Quasi 2 milioni di euro di soldi regionali, e quindi dei cittadini, per sversare in tre fossi che sfociano in mare un disinfettante chimico “ammazza-inquinamento”. In Versilia, dove negli ultimi 40 anni non si è mai smesso di parlare di reflui fognari che finiscono direttamente nei corsi d’acqua, l’acido peracetico è l’ultima spiaggia. O, se la si vuole guardare da un altro punto di vista, l’ultimo di una serie di interventi tampone con cui negli anni si è cercato di tenere a bada la sporcizia proveniente da scarichi abusivi e fognature e depuratori inadeguati. Senza mai risolvere il problema alla radice. Così, sulla costa toscana del turismo vip (qui si trovano anche Viareggio e Forte dei Marmi), che ogni estate è alle prese con i divieti di balneazione temporanei legati ai livelli di batteri fecali fuori norma, si sono succeduti il cloro, i grossi tubi per spargere le acque sporche in mare aperto, il vizio di qualche sindaco di non imporre lo stop ai bagni anche in presenza di dati chiari di contaminazione, e alla fine l’acido peracetico, utilizzato nella cittadina versiliese di Pietrasanta fin dal 1998.

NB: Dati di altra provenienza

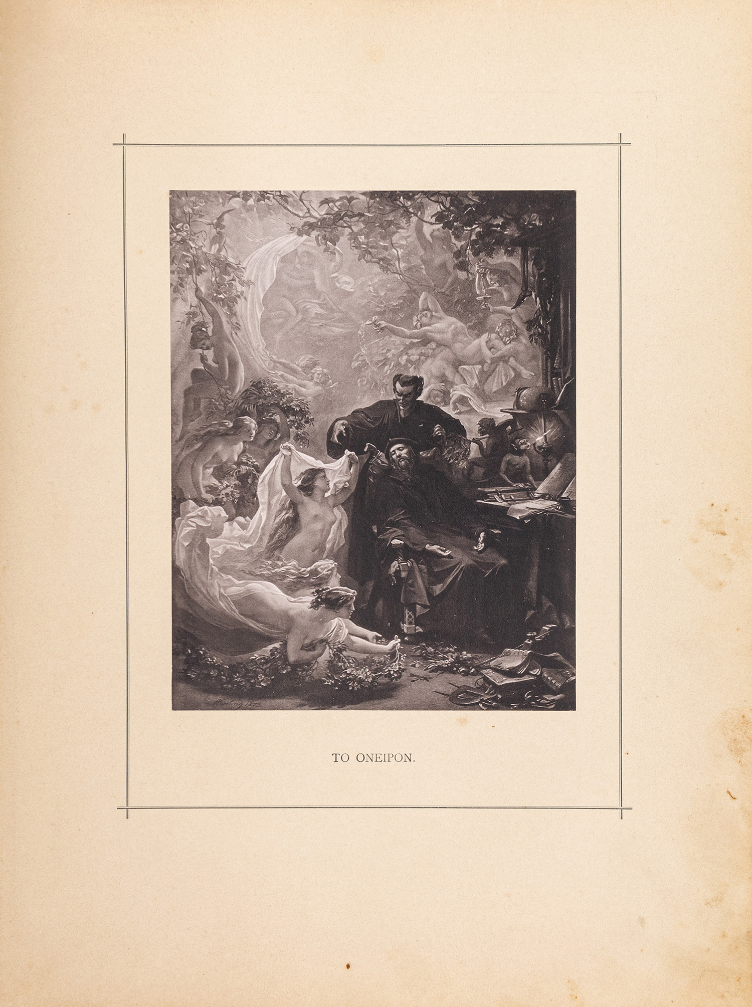 Τιμή εκτίμησης: € 200 - 3004o, 148 σ. (λίγο οξειδωμένο αντίτυπο). Δίχρωμος ο τίτλος, κείμενο σε 2 στήλες και σε τυπογραφικό πλαίσιο, με 14 αναπαραγωγές έργων επικολλημένες σε ισάριθμα φύλλα εκτός κειμένου και ξυλογραφίες εντός. Αρχική πάνινη βιβλιοδεσία (μικρές φθορές, εμπίεστη διακόσμηση με χρυσό και μαύρο χρώμα (στο κάτω κάλυμμα μόνο με μαύρο), χρυσωμένες οι ακμές). Ηλιού & Πολέμη, 1887.873, Κασίνης, Ι, 2474.

Dove tra l’altro, come certifica l’Agenzia per l’ambiente della Toscana (Arpat), “i superamenti dei limiti previsti dalle leggi vigenti (per la concentrazione di batteri fecali, ndr), che determinano i divieti di balneazione, si sono verificati anche quando quei trattamenti venivano effettuati”. Nonostante questo, il peracetico sarà presto al centro di una nuova sperimentazione finanziata con soldi regionali nel fosso dell’Abate a Camaiore e Viareggio e nei fossi Motrone e Fiumetto sempre a Pietrasanta. In un’atmosfera che il sindaco di Camaiore Alessandro Del Dotto, capofila del progetto di sperimentazione, definisce da “crisi di coscienza tra la necessità di salvaguardare l’ambiente e quella di salvaguardare la salute”. A cui va aggiunto un terzo fattore: la tutela dell’economia del turismo, incarnata qui da schiere di balneari imbufaliti a cui si sono aggiunti negli ultimi tempi anche alcuni pescatori preoccupati di ulteriori impatti su una rete già di per sé sempre più vuota.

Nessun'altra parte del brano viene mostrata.